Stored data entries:
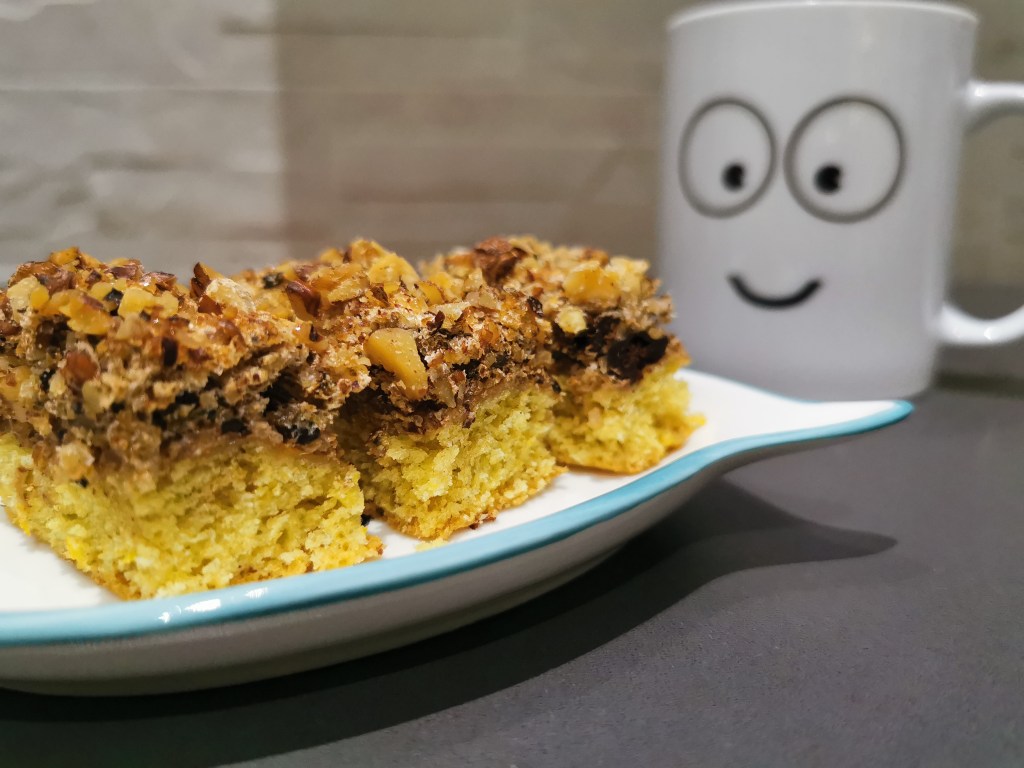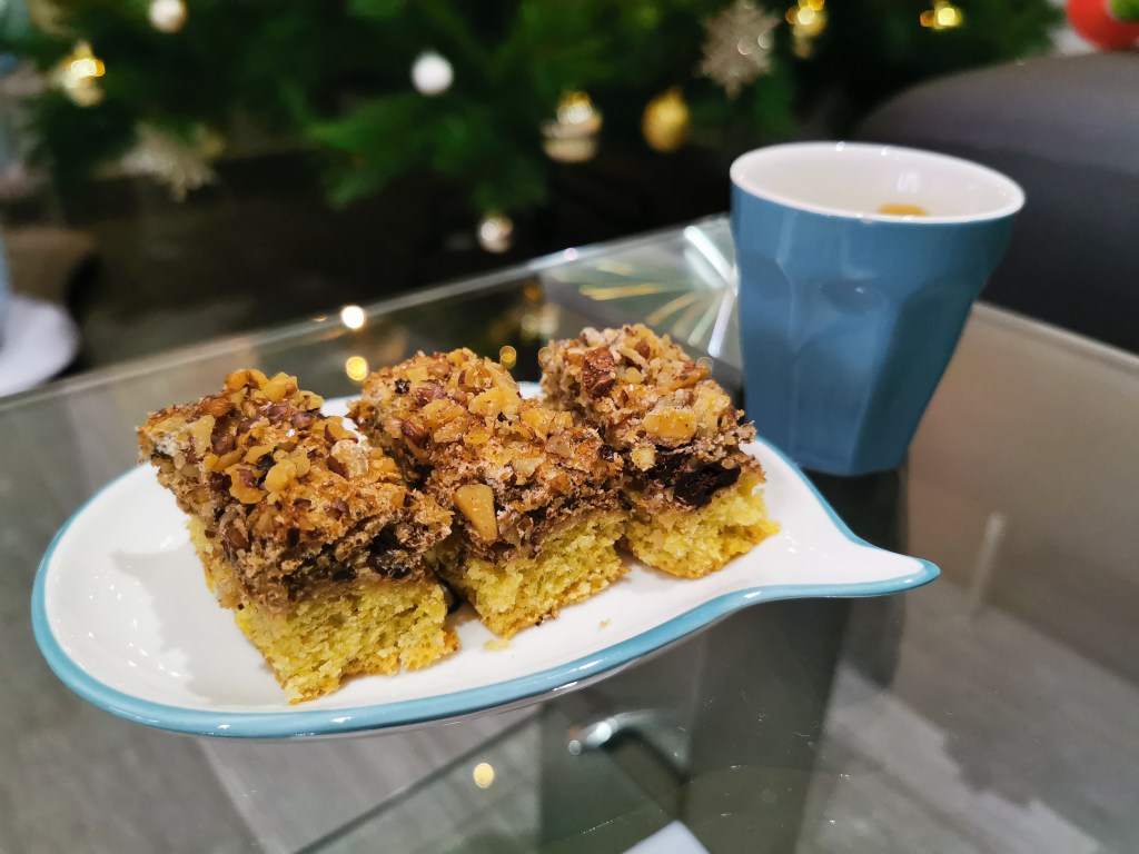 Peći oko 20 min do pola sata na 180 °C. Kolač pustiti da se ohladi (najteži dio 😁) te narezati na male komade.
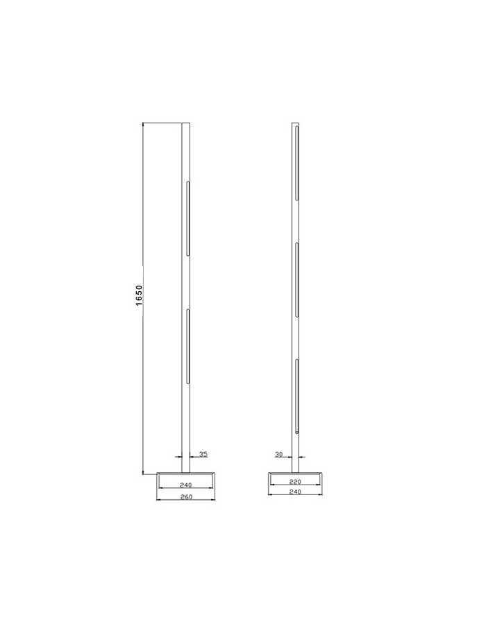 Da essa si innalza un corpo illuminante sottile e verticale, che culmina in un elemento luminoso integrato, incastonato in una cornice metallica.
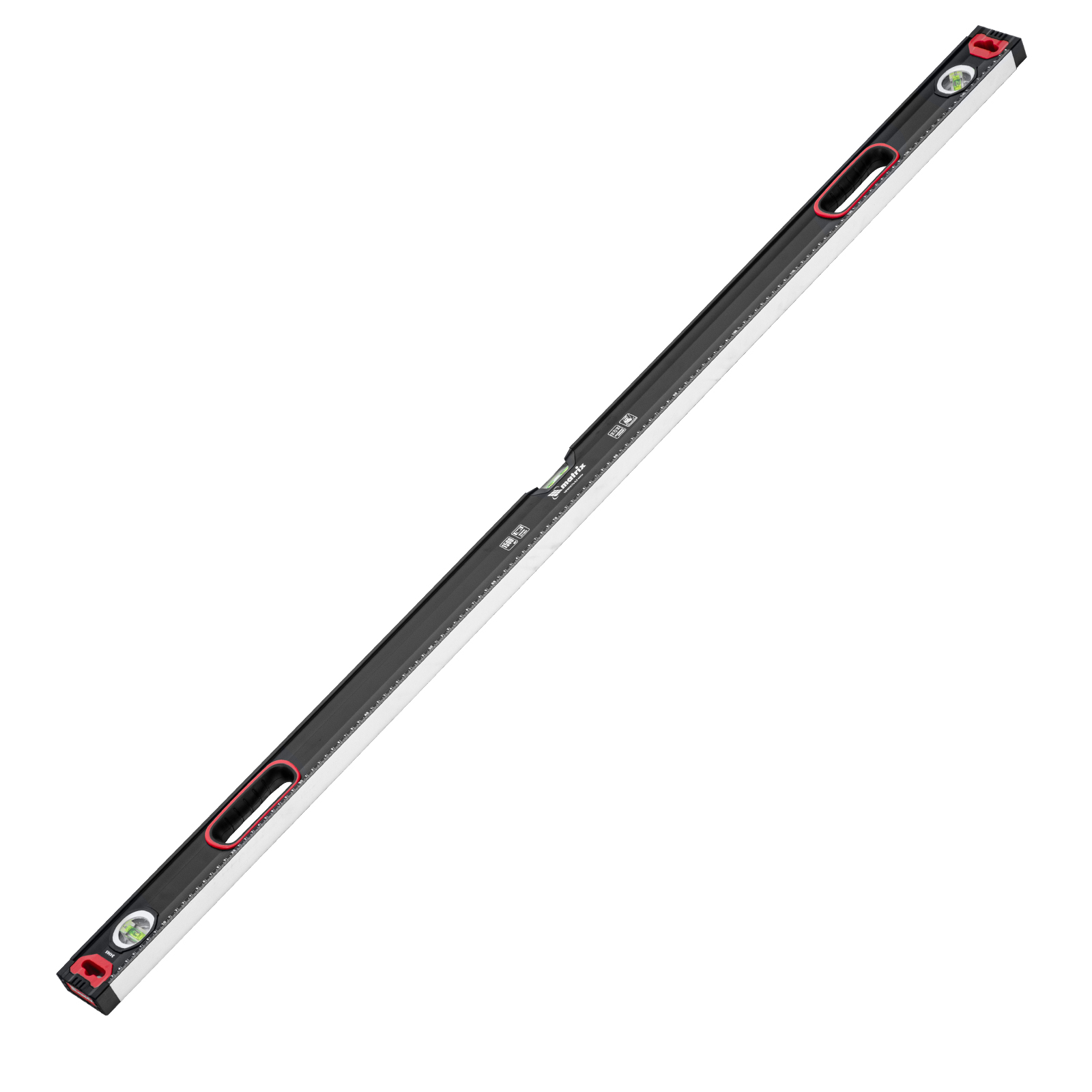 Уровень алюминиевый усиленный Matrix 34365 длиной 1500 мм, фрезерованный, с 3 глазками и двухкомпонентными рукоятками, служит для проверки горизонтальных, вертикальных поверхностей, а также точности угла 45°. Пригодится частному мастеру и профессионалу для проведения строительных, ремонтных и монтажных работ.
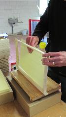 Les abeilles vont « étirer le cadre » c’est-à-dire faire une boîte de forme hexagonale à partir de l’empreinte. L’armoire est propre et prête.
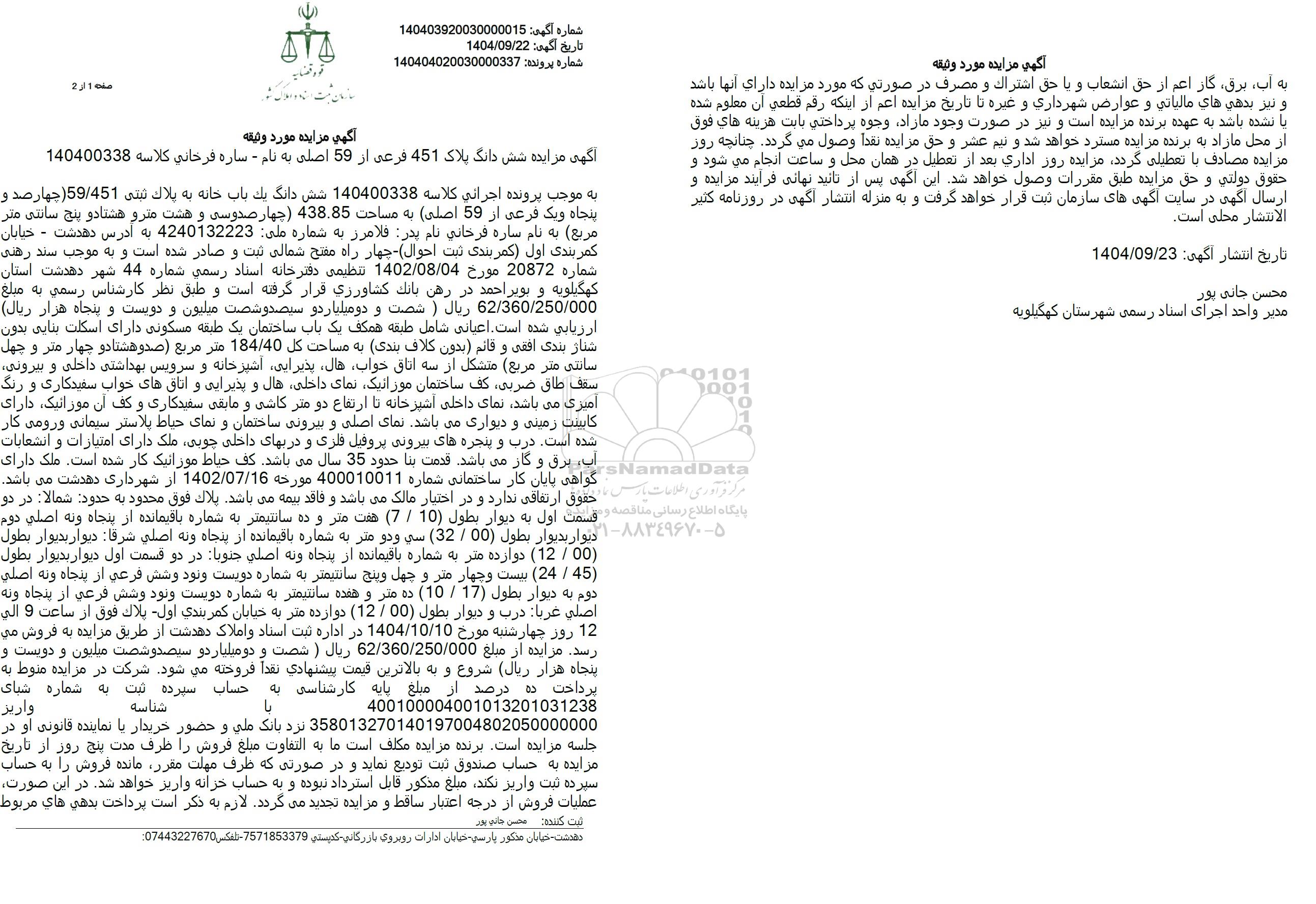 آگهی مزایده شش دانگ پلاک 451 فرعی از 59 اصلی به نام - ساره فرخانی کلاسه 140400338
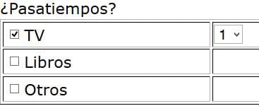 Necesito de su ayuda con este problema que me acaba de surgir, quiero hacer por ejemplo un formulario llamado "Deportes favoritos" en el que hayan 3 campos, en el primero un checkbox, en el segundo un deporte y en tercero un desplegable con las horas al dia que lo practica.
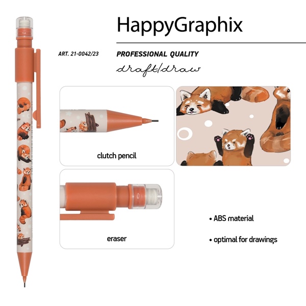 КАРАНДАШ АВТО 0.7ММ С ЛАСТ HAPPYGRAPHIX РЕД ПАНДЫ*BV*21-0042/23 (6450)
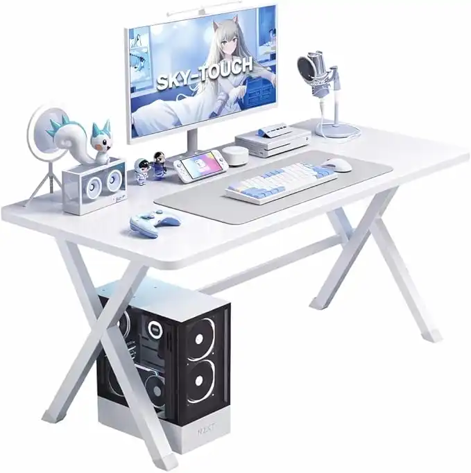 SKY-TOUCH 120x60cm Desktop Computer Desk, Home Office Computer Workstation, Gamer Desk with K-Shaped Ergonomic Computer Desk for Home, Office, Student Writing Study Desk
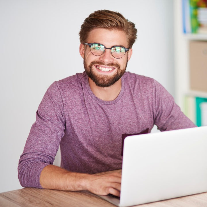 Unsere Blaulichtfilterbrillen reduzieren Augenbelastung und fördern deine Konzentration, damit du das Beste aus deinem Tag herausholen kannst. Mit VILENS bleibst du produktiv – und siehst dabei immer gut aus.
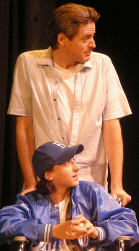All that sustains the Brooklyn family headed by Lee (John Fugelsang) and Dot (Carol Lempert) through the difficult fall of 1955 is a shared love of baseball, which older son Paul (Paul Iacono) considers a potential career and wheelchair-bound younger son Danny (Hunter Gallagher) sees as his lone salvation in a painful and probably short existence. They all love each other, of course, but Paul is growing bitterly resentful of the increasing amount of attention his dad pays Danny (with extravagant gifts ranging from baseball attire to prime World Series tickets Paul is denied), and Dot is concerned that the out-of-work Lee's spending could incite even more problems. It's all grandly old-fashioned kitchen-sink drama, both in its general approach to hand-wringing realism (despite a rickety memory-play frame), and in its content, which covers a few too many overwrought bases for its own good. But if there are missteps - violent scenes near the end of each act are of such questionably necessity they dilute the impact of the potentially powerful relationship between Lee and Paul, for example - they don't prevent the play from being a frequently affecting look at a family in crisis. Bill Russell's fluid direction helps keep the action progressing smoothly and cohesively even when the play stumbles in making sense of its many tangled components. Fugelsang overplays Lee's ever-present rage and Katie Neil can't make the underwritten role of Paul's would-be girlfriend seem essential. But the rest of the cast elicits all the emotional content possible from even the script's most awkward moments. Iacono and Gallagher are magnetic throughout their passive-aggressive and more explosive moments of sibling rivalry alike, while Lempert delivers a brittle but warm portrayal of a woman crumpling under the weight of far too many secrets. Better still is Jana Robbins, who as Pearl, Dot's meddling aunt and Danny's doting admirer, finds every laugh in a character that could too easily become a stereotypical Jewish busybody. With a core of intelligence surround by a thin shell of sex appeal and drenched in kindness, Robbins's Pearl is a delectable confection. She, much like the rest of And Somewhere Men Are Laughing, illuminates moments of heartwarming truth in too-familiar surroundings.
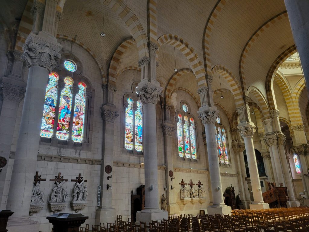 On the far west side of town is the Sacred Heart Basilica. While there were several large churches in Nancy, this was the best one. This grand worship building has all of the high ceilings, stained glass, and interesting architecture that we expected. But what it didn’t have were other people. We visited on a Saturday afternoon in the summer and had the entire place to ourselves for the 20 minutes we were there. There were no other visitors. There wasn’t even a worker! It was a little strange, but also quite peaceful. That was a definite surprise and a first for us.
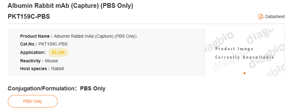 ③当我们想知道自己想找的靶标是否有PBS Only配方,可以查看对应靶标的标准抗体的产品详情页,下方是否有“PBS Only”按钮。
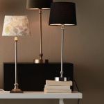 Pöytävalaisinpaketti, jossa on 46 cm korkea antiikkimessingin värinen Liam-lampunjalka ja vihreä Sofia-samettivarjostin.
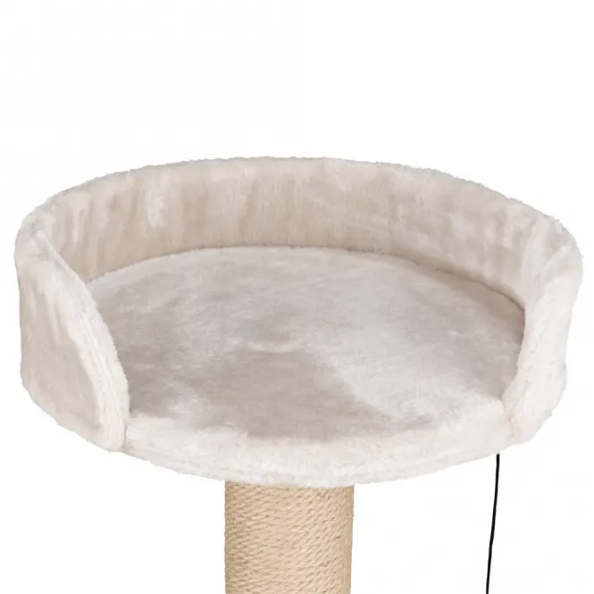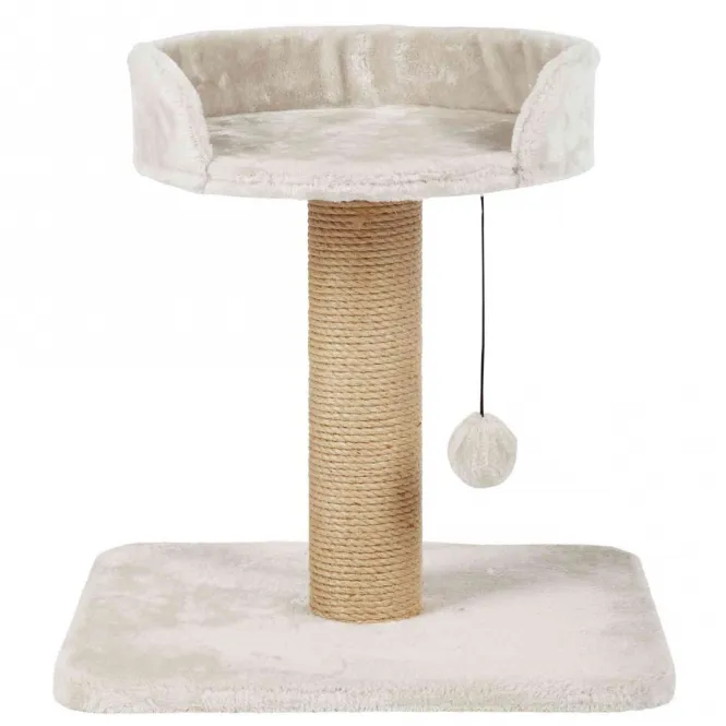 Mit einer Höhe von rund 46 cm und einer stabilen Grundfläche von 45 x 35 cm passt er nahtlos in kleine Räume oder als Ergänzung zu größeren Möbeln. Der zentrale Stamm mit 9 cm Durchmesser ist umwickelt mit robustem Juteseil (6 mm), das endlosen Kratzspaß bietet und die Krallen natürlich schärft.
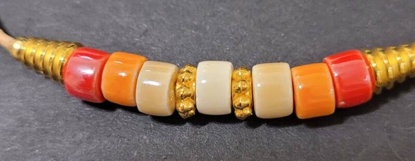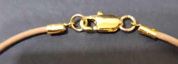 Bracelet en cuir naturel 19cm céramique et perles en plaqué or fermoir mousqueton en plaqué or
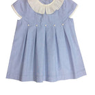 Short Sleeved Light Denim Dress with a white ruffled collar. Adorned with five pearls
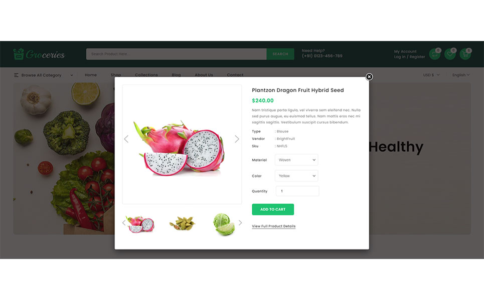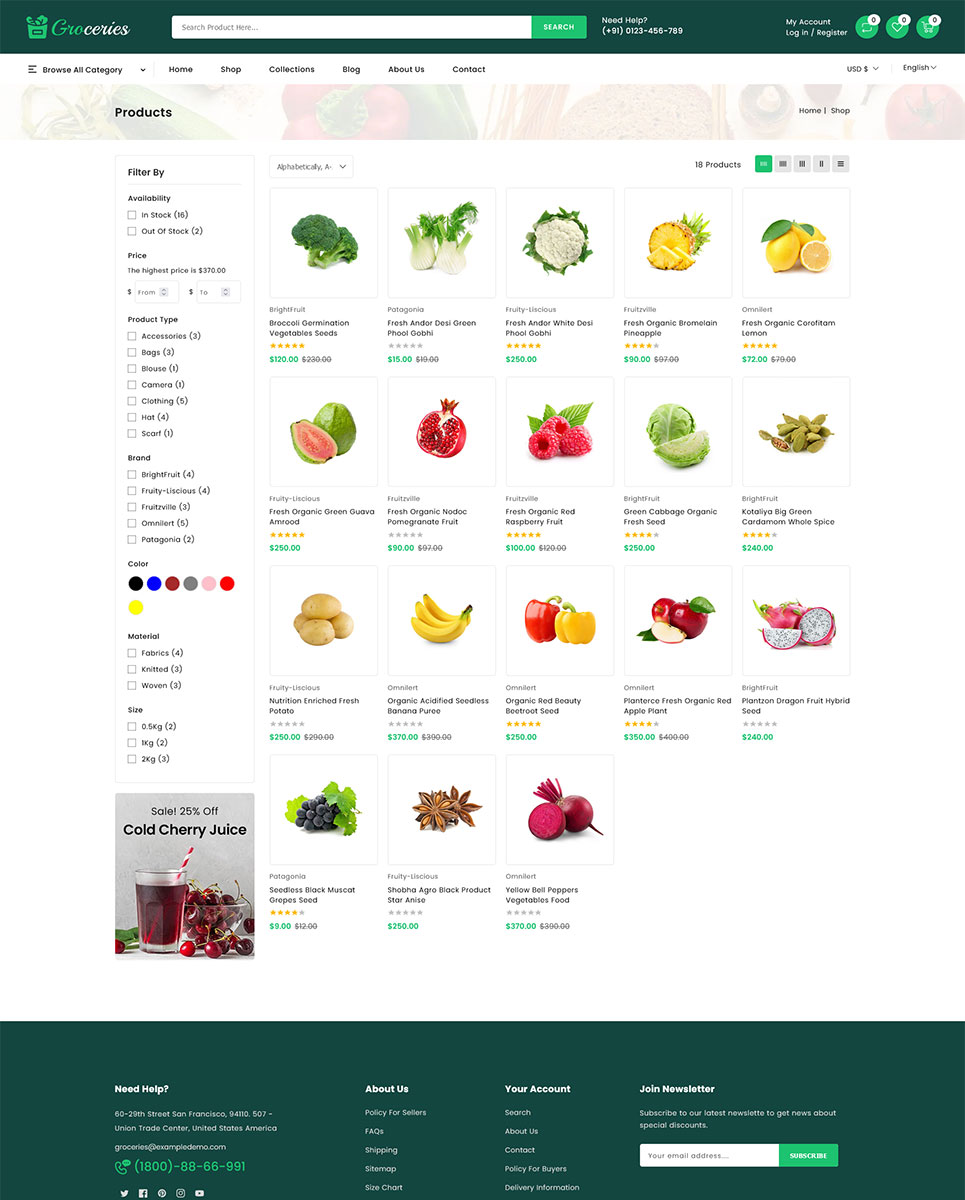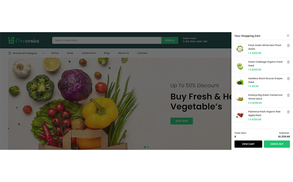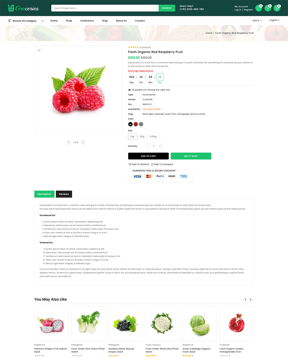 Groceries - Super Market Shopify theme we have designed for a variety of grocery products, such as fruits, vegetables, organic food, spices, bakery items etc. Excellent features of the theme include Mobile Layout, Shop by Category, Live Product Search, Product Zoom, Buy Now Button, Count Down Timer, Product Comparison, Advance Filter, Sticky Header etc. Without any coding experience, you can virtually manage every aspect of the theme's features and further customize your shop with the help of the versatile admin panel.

**THE TASK:** Extract only the lines from the one that contains "Short Sleeved Light" through the end of the records, inclusive, and omit every picture.

**SOLUTION TO THE PROBLEM:**
 Short Sleeved Light Denim Dress with a white ruffled collar. Adorned with five pearls
 Groceries - Super Market Shopify theme we have designed for a variety of grocery products, such as fruits, vegetables, organic food, spices, bakery items etc. Excellent features of the theme include Mobile Layout, Shop by Category, Live Product Search, Product Zoom, Buy Now Button, Count Down Timer, Product Comparison, Advance Filter, Sticky Header etc. Without any coding experience, you can virtually manage every aspect of the theme's features and further customize your shop with the help of the versatile admin panel.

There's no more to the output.